Tuesday, June 29, 2010

LOWER LAND PRICES BOOST ATTRACTIVENESS


LOWER LAND PRICES BOOST ATTRACTIVENESS
OF CONSERVATION EASEMENT SALES


By Steve Wright

The sluggish real estate market also is motivating more landowners to donate a large chunk of their land for conservation. When they donate land for a perpetual conservation easement, they can deduct the fair market value of their donated land from their federal taxes.

The IRS currently allows conservation easement donors to take a deduction up to 50 percent of their adjusted gross income each year, with a 16-year time period to deduct out the total value of the land. Some states also are offering tax breaks in return for donated perpetual conservation easements.

Landowners do not have to donate their entire property and they can continue to live on and farm their land. Basically, they are donating a portion -- say 80 percent of 200 acres -- that will have restrictions that run with the land preventing it from being subdivided and developed.

In some areas, developers are awarded density bonuses for building on only a fraction of their property if they donate the rest for an easement that preserves it permanently for agriculture, recreation, hunting, wetlands, nature preservation, etc. The family, or an heir, can sell the entire parcel, but the next owner knows that the lion’s share of the acreage is forever preserved from development.

Lakeland, Florida Realtor Dean Saunders, an expert in representing land for both agriculture and conservation, helped create conservation legislation when he served in the Florida House of Representatives.

Very recently, he helped a client to sell more than 1,600 acres to the Florida Fish & Wildlife Conservation Commission for $11.6 million. The vast acreage, located in rural Osceola County, Florida, sits next to the Three Lakes Wildlife Management Area in the Kissimmee Prairie, one of the largest remaining expanses of dry prairie in the United States.

Saunders is proud of his record of conserving land in Florida and he also is a staunch advocate for private property owner’s rights.

“If the public likes looking at it, then the public should pay for it,” That way you protect the public’s desire to look at the rural land while protecting the private property rights of the land owner. Conservation easements are a great way to go. A lot of farmers don’t want to sell, so they can keep the land, but appreciate some of the increased value.”
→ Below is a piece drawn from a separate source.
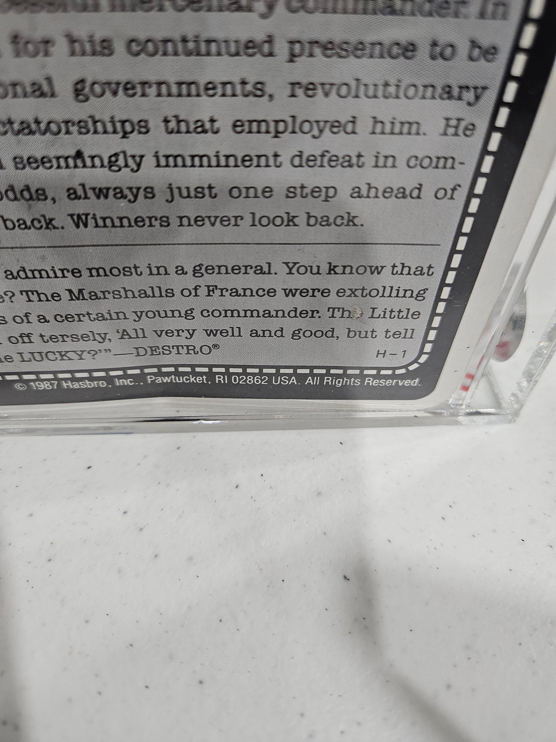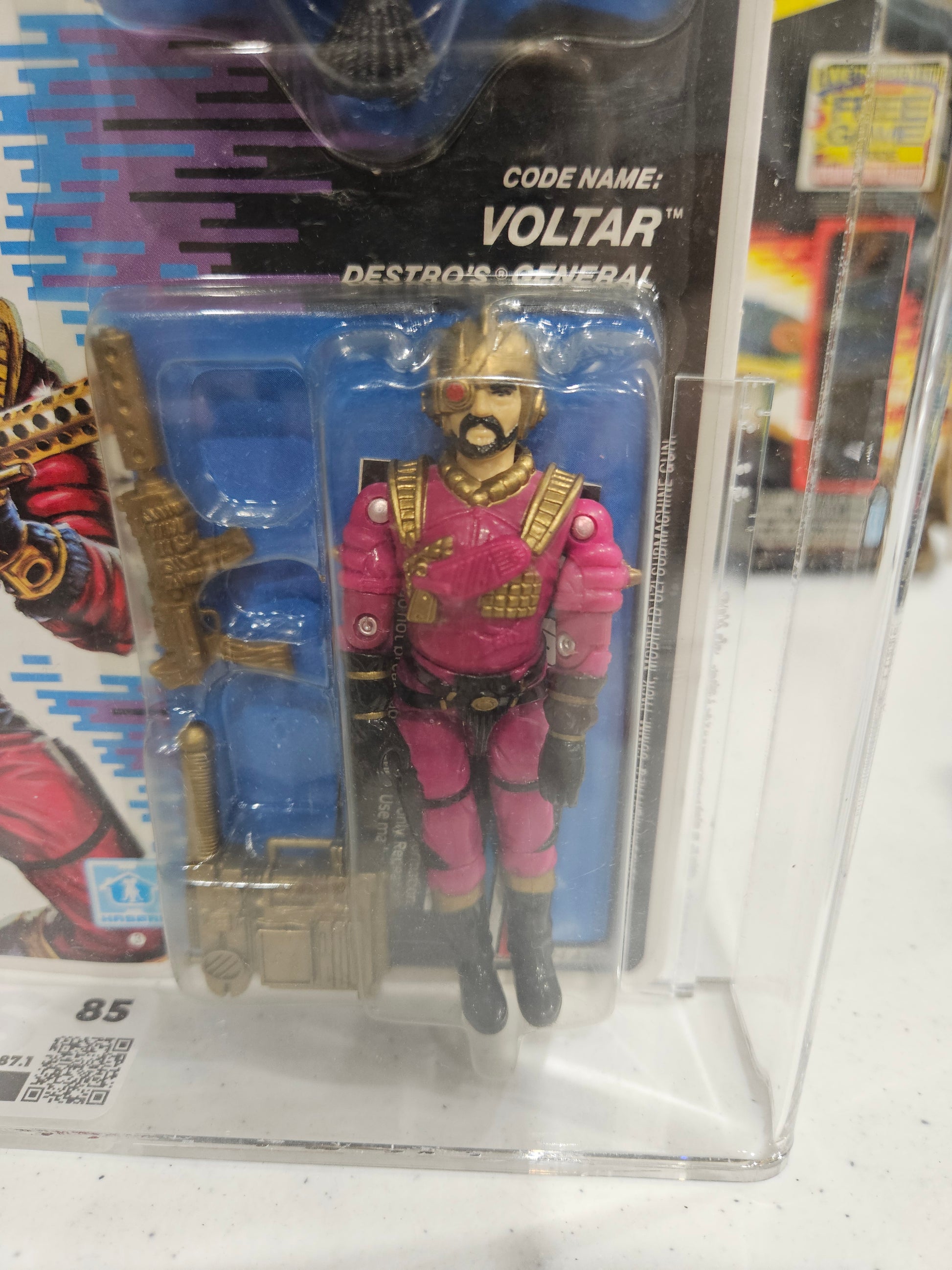 You're showcasing a high-grade example of one of Cobra’s most flamboyant field commanders: the 1988 Hasbro G.I. Joe Voltar, graded CAS 85 with subgrades C85 / B85 / F85, sealed on a Series 7 34-back card. As Destro’s general, Voltar brought battlefield brilliance and a magenta uniform to Cobra’s Iron Grenadiers sub-team—making him one of the most visually distinctive figures of the late '80s.

Failed developments may be creating some good opportunities to buy land for conservation in populated areas, but Saunders said “I have not seen panicked, fire sale prices on land.

Saunders said in times of economic slowdowns, when state revenue collections can drop by billions, conservation easements help stretch the public dollar.

“Government can afford to buy a whole ranch outright every time. But it can afford to pay for an easement,’’ he observed. “Another good thing with easements is that government doesn’t pay to maintain it, the private property owner does. And private land owners always manage property better than the government.”